Beaujolais Guide BY RAY ISLE / Food & Wine

le 2 août, 2013 Presse Pas de commentaires

The best Beaujolais comes from independent traditionalist producers in the top crus—the third wave of a movement begun by Jules Chauvet some 40 years ago. These wines are incredibly underpriced for the quality they offer, but they are produced in tiny quantities, so they can be hard to find (try or

The Prophet

Jules Chauvet
The father of the French natural-wine movement. Chauvet took a stand against the trend toward mass-produced, industrial Beaujolais.

The Acolytes

Jean Foillard
Like the others, Foillard uses little to no sulfur in his wines.

Marcel Lapierre
The late Lapierre set the standard for great Morgon.

Guy Breton
Breton makes wines in Régnié, the newest cru, as well as in Morgon.

Jean-Paul Thévenet
Thévenet farms his vineyards biodynamically.


The Flock

Julien Sunier
After spending his twenties surfing and working harvests in California and New Zealand, Sunier founded his own domaine in 2008. His juicily intense wines have quickly acquired a cult following. Wine: 2011 Julien Sunier Fleurie ($25)

Dominique Piron
Piron produces a broad range of wines, from basic Beaujolais Villages to cru bottlings from Morgon, Chénas and Moulin-à-Vent. Wine: 2010 Domaine Piron-Lameloise Quartz Chénas ($20)

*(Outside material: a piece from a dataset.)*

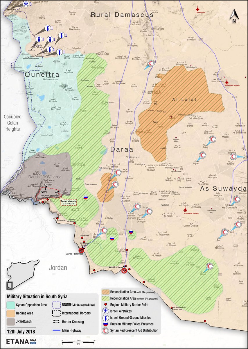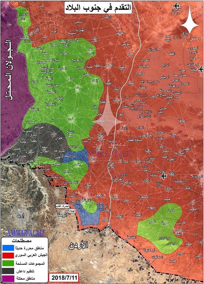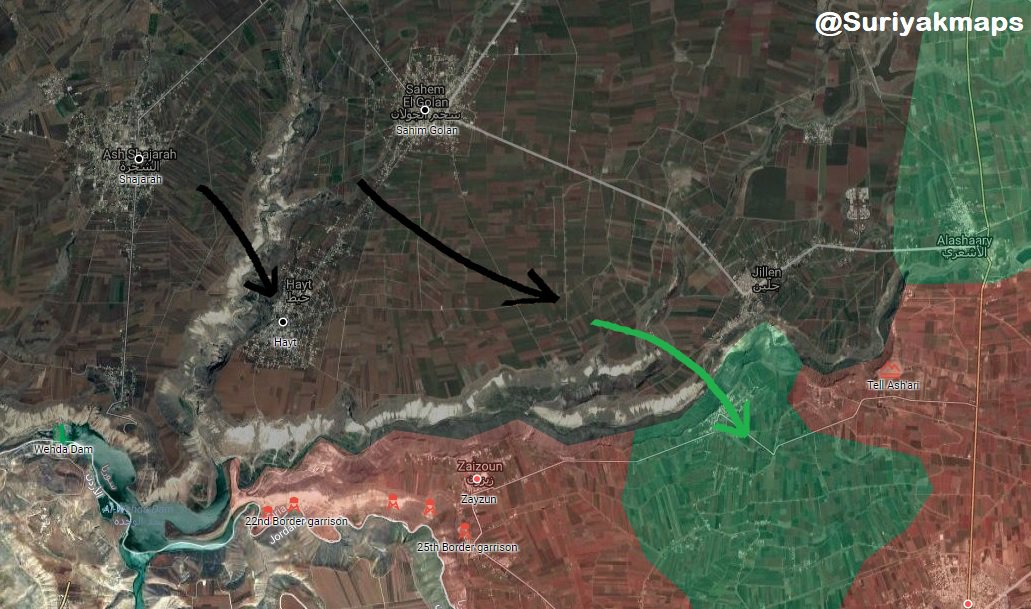 *-מפת פריסת הכוחות במערב מחוז דרעא:
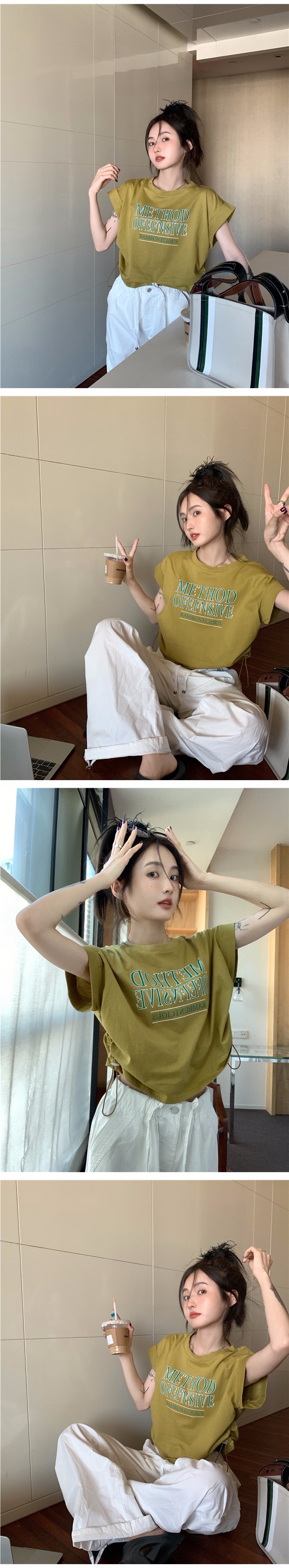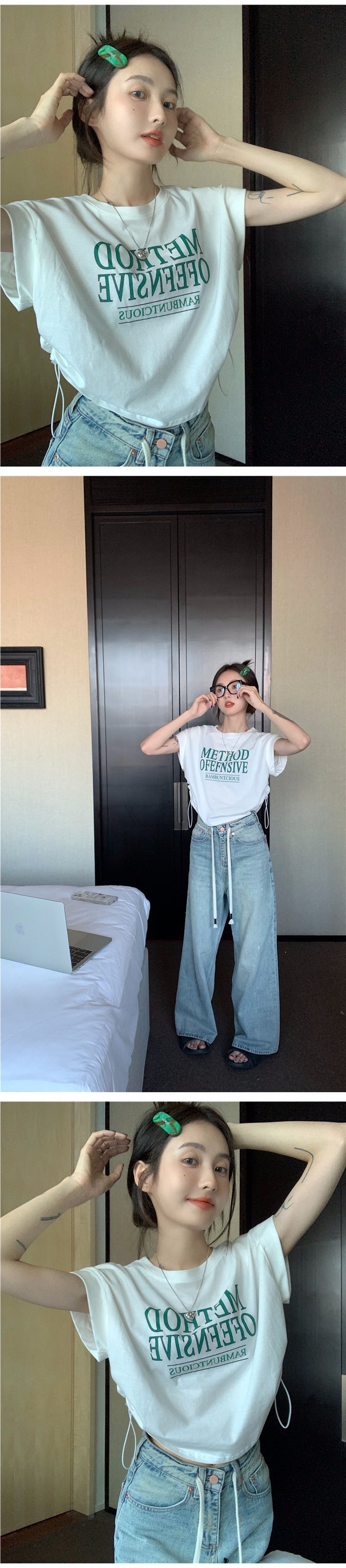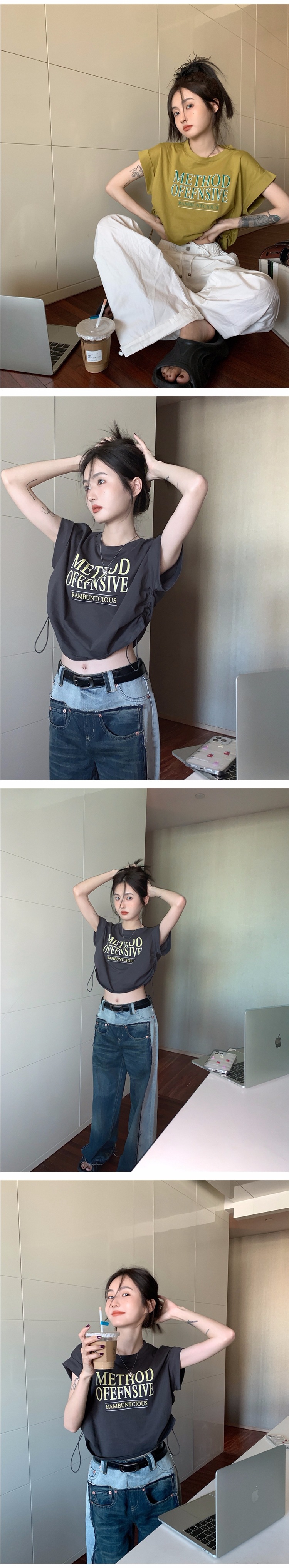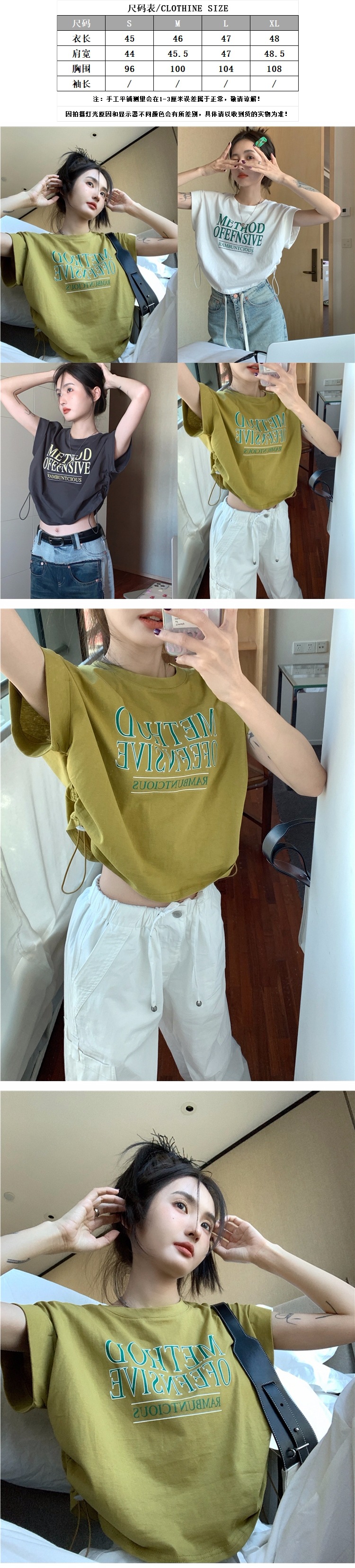 여성을위한 새로운 미국 스타일 오른쪽 어깨 드로스트링 반팔 티셔츠 여름 짧은 재즈 댄스 루즈하고 시크한 배꼽 노출 탑 달콤하고 감성스토어 가기

Louis-Benoît & Claude-Emmanuelle Desvignes
This brother and sister make fragrant, impeccably balanced organic wines from vineyards that are 70 years old on average. Wine: 2011 Louis Claude Desvignes Javernières Morgon ($30)

Daniel Bouland
From his base in Morgon, Bouland creates wines from several different crus, all of them extremely good. This one, from a plot of vines planted in 1926, has the backbone to age for at least a decade. Wine: 2011 Daniel Bouland Delys Morgon ($26)

Charly Thévenet
The son of Morgon’s Jean-Paul Thévenet, Charly Thévenet makes this earthy red in the neighboring cru of Régnié. Wine: 2010 Charly Thévenet Grain & Granit Régnié ($32)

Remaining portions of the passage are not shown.